» What to work on: Scan the records beneath this line for the line holding "The board on" and the line holding "英国疫情实时地图 / 城区具体数据", then transcribe exactly those two and all lines between.

*** Information given ***

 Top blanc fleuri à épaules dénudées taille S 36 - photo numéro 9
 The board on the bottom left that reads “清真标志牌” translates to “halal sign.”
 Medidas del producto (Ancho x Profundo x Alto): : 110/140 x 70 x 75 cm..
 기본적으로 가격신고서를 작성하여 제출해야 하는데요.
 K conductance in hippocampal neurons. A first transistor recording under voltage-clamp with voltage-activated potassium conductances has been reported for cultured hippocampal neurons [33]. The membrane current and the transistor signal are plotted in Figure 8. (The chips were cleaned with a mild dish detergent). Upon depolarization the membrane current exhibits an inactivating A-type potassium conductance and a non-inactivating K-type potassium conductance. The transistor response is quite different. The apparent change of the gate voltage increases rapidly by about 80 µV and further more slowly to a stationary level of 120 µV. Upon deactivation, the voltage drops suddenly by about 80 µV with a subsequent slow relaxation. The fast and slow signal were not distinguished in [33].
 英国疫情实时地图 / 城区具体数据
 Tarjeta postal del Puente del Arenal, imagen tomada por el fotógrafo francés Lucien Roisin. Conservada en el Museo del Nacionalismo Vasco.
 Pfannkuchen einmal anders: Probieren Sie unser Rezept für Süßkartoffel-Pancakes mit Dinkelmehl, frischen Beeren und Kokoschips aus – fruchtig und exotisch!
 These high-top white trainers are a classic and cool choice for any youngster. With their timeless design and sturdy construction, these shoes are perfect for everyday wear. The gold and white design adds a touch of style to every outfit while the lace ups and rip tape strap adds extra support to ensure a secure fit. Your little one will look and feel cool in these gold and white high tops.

***
*** Information given ***

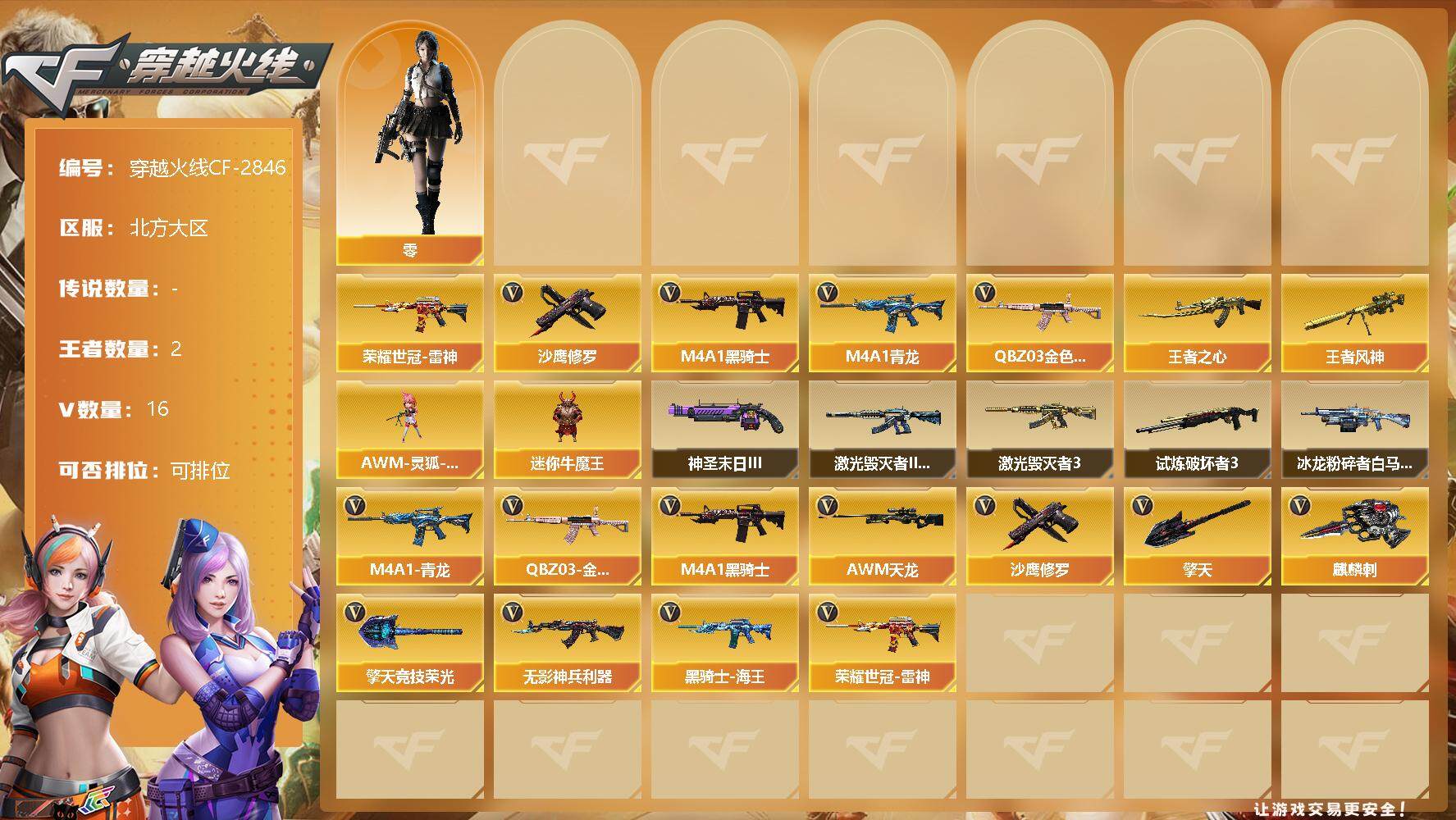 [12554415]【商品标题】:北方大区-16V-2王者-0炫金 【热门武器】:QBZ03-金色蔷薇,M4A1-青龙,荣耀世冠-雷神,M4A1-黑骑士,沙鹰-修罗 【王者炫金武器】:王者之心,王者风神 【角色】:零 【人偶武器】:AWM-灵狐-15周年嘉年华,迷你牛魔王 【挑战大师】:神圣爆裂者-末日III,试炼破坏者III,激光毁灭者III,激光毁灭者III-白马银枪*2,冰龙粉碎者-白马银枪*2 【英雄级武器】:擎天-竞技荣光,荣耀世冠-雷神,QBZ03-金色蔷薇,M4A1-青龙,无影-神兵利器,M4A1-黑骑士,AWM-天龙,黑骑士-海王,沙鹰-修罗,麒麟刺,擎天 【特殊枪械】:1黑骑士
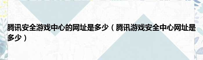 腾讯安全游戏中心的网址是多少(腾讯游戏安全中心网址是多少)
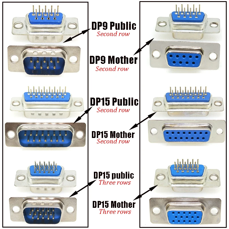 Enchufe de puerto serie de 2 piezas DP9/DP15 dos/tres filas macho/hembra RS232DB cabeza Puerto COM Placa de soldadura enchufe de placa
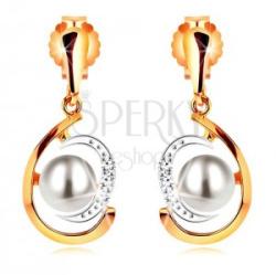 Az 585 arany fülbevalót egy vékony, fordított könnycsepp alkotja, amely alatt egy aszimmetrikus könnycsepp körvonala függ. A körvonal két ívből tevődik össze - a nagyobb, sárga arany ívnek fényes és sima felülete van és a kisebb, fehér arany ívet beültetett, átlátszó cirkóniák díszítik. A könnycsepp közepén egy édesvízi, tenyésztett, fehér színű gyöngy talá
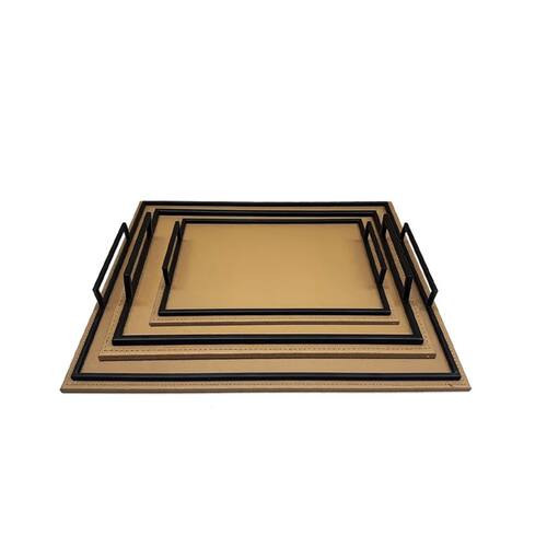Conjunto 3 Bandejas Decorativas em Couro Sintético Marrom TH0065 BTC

***

» Exercise output:
 The board on the bottom left that reads “清真标志牌” translates to “halal sign.”
 Medidas del producto (Ancho x Profundo x Alto): : 110/140 x 70 x 75 cm..
 기본적으로 가격신고서를 작성하여 제출해야 하는데요.
 K conductance in hippocampal neurons. A first transistor recording under voltage-clamp with voltage-activated potassium conductances has been reported for cultured hippocampal neurons [33]. The membrane current and the transistor signal are plotted in Figure 8. (The chips were cleaned with a mild dish detergent). Upon depolarization the membrane current exhibits an inactivating A-type potassium conductance and a non-inactivating K-type potassium conductance. The transistor response is quite different. The apparent change of the gate voltage increases rapidly by about 80 µV and further more slowly to a stationary level of 120 µV. Upon deactivation, the voltage drops suddenly by about 80 µV with a subsequent slow relaxation. The fast and slow signal were not distinguished in [33].
 英国疫情实时地图 / 城区具体数据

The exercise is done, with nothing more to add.